## Task directions
Reproduce exactly the lines of this material that begin at the line with "Paige Bueckers visitou" and end at the line with "そこから先、山頂まではリフト", both included. Omit the pictures and everything else.

*** Opening of Task inputs ***

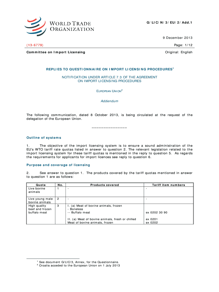 G/LIC/N/3/EU/2/Add.19 December 2013 (136779)Page: 1/12Committee on Import LicensingOriginal: EnglishREPLIES TO QUESTIONNAIRE ON IMPORT LICENSING PROCEDURES1 NOTIFICATION UNDER ARTICLE 7.3 OF THE AGREEMENT
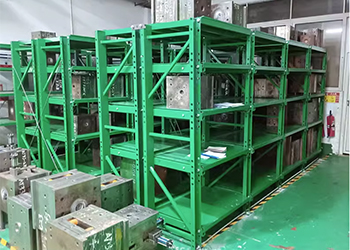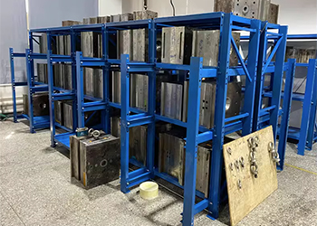 This shelf is suitable for storing various heavy objects such as molds. It has a drawer style structure and a height of 50-100mm, which can be adjusted up and down. The top can be equipped with a hand pulled/electric hoist mobile cart for easy access to goods. The bottom of the drawer is equipped with a roller track, which allows easy pulling of 300-2000kg/layer even after heavy load.
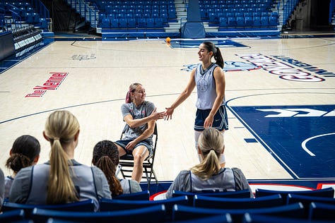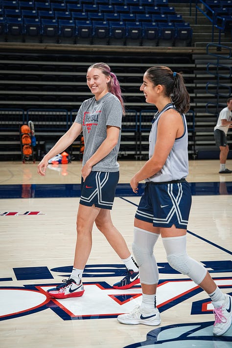 Paige Bueckers visitou um treino e assistiu a um jogo da equipa da universidade de Gonzaga, para apoiar a base portuguesa Inês Bettencourt, antiga colega da Rookie do Ano da WNBA em UConn.
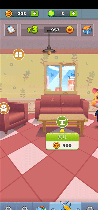 4、点击维修我们即可前往客厅,在这里我们可以进行打造你的小房间;
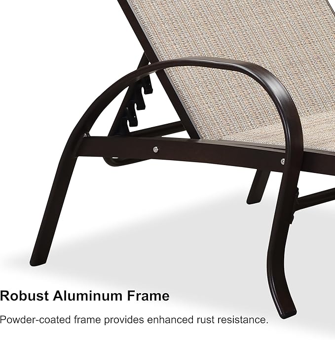 PURPLE LEAF Outdoor Chaise Lounge Chair Set of 3 Patio Pool Lounger Aluminum Chairs with Side Table Adjustable Tanning Recliner for Outside Yard Deck Lawn Garden Beach Khaki
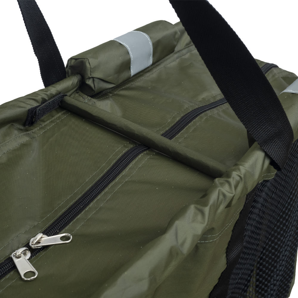Vážící sak má štyri plaváky, ktoré majú reflexné pásky pre ľahkú viditeľnosť v noci. V hornej centrálnej časti je dvojitý popruh, ktorý je zakončený oceľovými krúžkami a je určený na pripojenie váhy. Dvojité zipsy sú po celej dĺžke. Veľký dôraz bol kladený na sieťové otvory, aby k úlovku prúdil dostatok okysličenej vody. Z oboch strán saku sú plastové D krúžky, na ktoré je možné pripojiť 3m lano, ktoré je zakončené plavákom s plastovým kolíkom, ktorý je určený na zabezpečenie saku pri brehu. To všetko je ukryté v kapsičke na suchý zips. Je dodávaný vrátane nepremokavého obalu, ktorý je zvnútra pogumovaný, takže zabráni úniku vody a pachu zo saku.
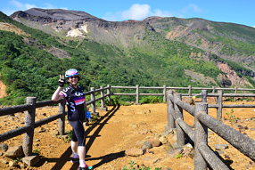 そこから先、山頂まではリフトを使い、上りきったところからさらに「お釜」を目指して少し歩く。ゴロゴロした岩がある砂利道だが、フラットペダルなのでビンディングシューズで歩くストレスもない。
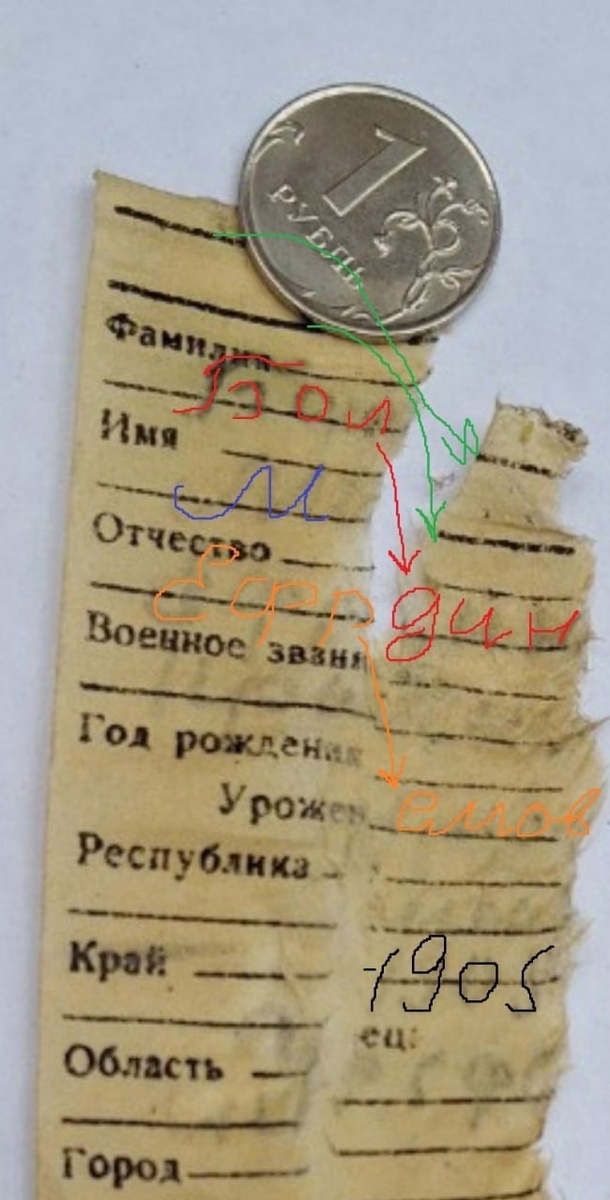 Подо Ржевом найдены останки солдата из Оренбургской области, погибшего в годы Великой Отечественной войны ➖Вместе с солдатом был найден и заполненный посмертный медальон, сведения в котором сохранились лишь частично. ➖Известно, что красноармеец был призван на фронт из Сергиевского сельсовета Павловского района Чкаловской области. Родился он в 1905 году, а погиб в 1941 году. ➖Сейчас поисковики отряда «Подвиг» ищут родственников солдата. Возможно, вы не знаете имен с этих фото, но у вас есть бабушки и дедушки, которые еще могли слышать об этих людях в своих семейных разговорах. А может быть о них или их детях что-то знают сельские учителя, которые работали еще в советское время. Или может быть в вашем районе есть школьные Музеи Боевой Славы, которые, как показала поисковая практика, до сих пор еще бережно хранят Память о тех солдатах. А может быть, вы сами - потомки этого солдата, просто вы пока еще об этом не знаете. Хотим передать медальон солдата в его семью. Вот, что удалось п
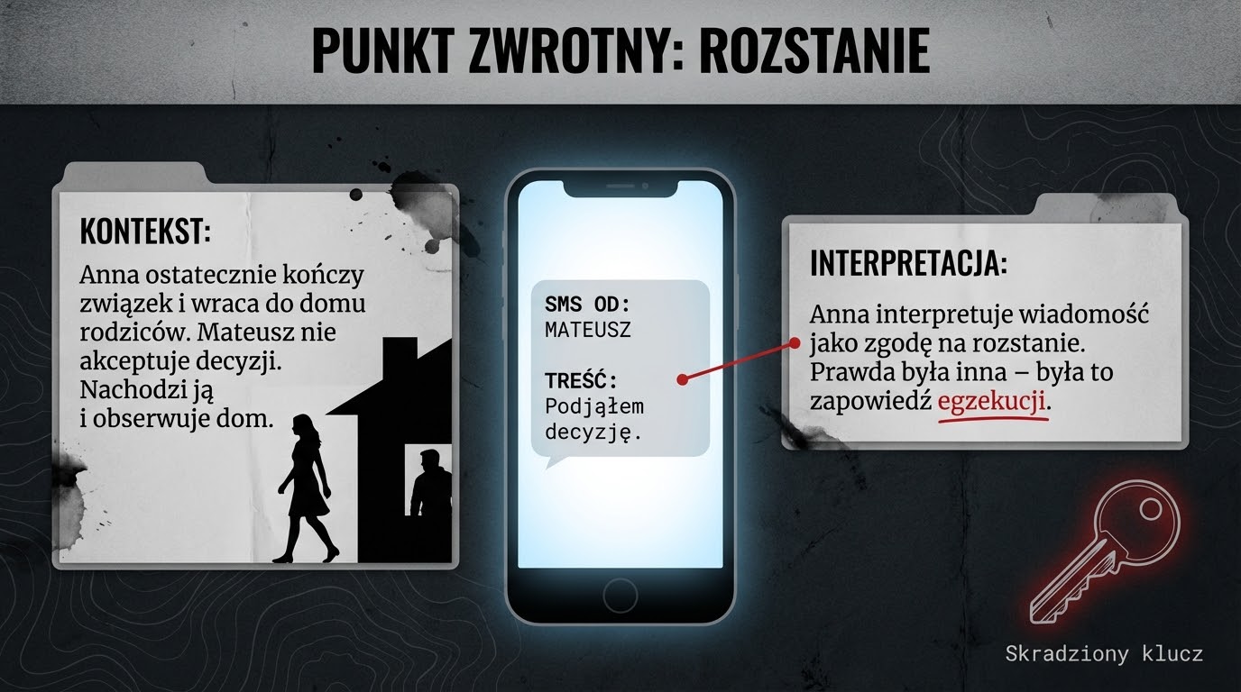 Gdy Anna postanowiła ostatecznie zakończyć związek, Mateusz wpadł w szał. Zamknął ją na balkonie, szarpał i groził. Mimo powrotu dziewczyny do domu rodzinnego, sprawca nie odpuścił. Obserwował jej dom i wysyłał niepokojące wiadomości, w tym SMS o treści: "podjąłem decyzję".
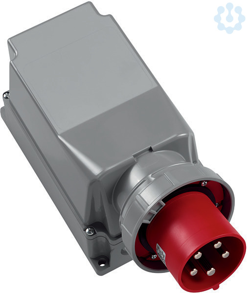 CEE Wandgerätestecker nach IEC 60309, EN 60309, VDE 0623, 15° geneigt, Schutzart wasserdicht IP67, 125A, 5-polig, Nennspannung 230V AC, 9h, blau, HighPower-Ausführung, vernickelte Kontakte mit Pilotkontakt, Schraubklemmen, Leitungseinführung oben, unten oder hinten (M63), Gehäuse um 180° drehbar, inklusive Blindverschraubung
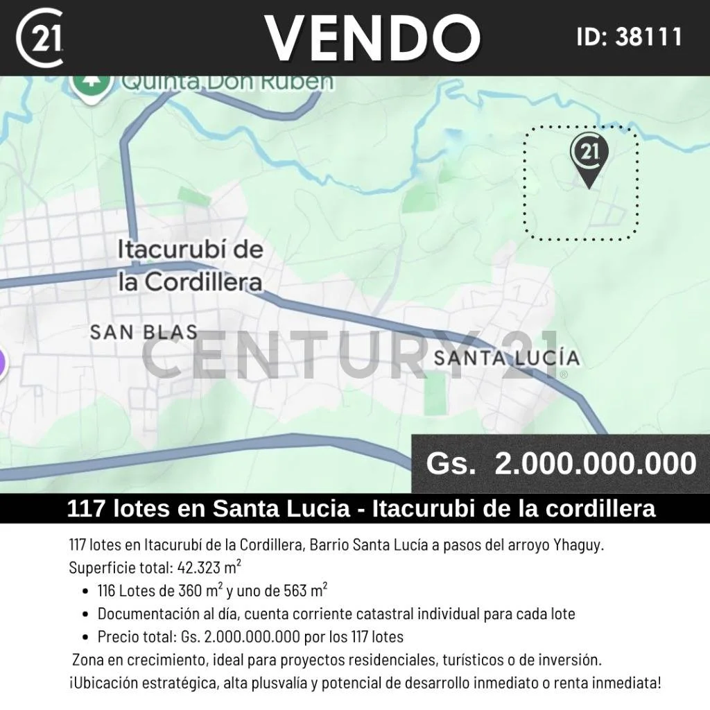 Oportunidad única para inversionistas y desarrolladores inmobiliarios!! 117 lotes en el mismo fraccionamiento en Itacurubi de la Cordillera – 42.323 M² Excepcional oferta compuesta por 117 lotes individuales en uno de los puntos más prometedores del interior del país: Itacurubí de la Cordillera, específicamente en el Barrio Santa Lucía, a tan solo 90 km de Asunción y a pasos del cristalino arroyo Yhaguy, uno de los mayores atractivos naturales de la región. Detalles de la propiedad: • 116 lotes de 360 m² • 1 lote de 563 m² • Superficie total: 42.323 m² • Documentación al día – Listos para transferir • Cada lote cuenta con Cuenta Corriente Catastral individual • Loteamiento con aprobación municipal vigente • Se venden los 117 lotes juntos • Precio: Gs. ***por los 117 lotes Una propuesta de inversión de alta rentabilidad, en un terreno con alto potencial de plusvalía. ¡Se venden todos los 117 lotes en bloque

*** Close of Task inputs ***

## Solution to this problem
 Paige Bueckers visitou um treino e assistiu a um jogo da equipa da universidade de Gonzaga, para apoiar a base portuguesa Inês Bettencourt, antiga colega da Rookie do Ano da WNBA em UConn.
 4、点击维修我们即可前往客厅,在这里我们可以进行打造你的小房间;
 PURPLE LEAF Outdoor Chaise Lounge Chair Set of 3 Patio Pool Lounger Aluminum Chairs with Side Table Adjustable Tanning Recliner for Outside Yard Deck Lawn Garden Beach Khaki
Vážící sak má štyri plaváky, ktoré majú reflexné pásky pre ľahkú viditeľnosť v noci. V hornej centrálnej časti je dvojitý popruh, ktorý je zakončený oceľovými krúžkami a je určený na pripojenie váhy. Dvojité zipsy sú po celej dĺžke. Veľký dôraz bol kladený na sieťové otvory, aby k úlovku prúdil dostatok okysličenej vody. Z oboch strán saku sú plastové D krúžky, na ktoré je možné pripojiť 3m lano, ktoré je zakončené plavákom s plastovým kolíkom, ktorý je určený na zabezpečenie saku pri brehu. To všetko je ukryté v kapsičke na suchý zips. Je dodávaný vrátane nepremokavého obalu, ktorý je zvnútra pogumovaný, takže zabráni úniku vody a pachu zo saku.
 そこから先、山頂まではリフトを使い、上りきったところからさらに「お釜」を目指して少し歩く。ゴロゴロした岩がある砂利道だが、フラットペダルなのでビンディングシューズで歩くストレスもない。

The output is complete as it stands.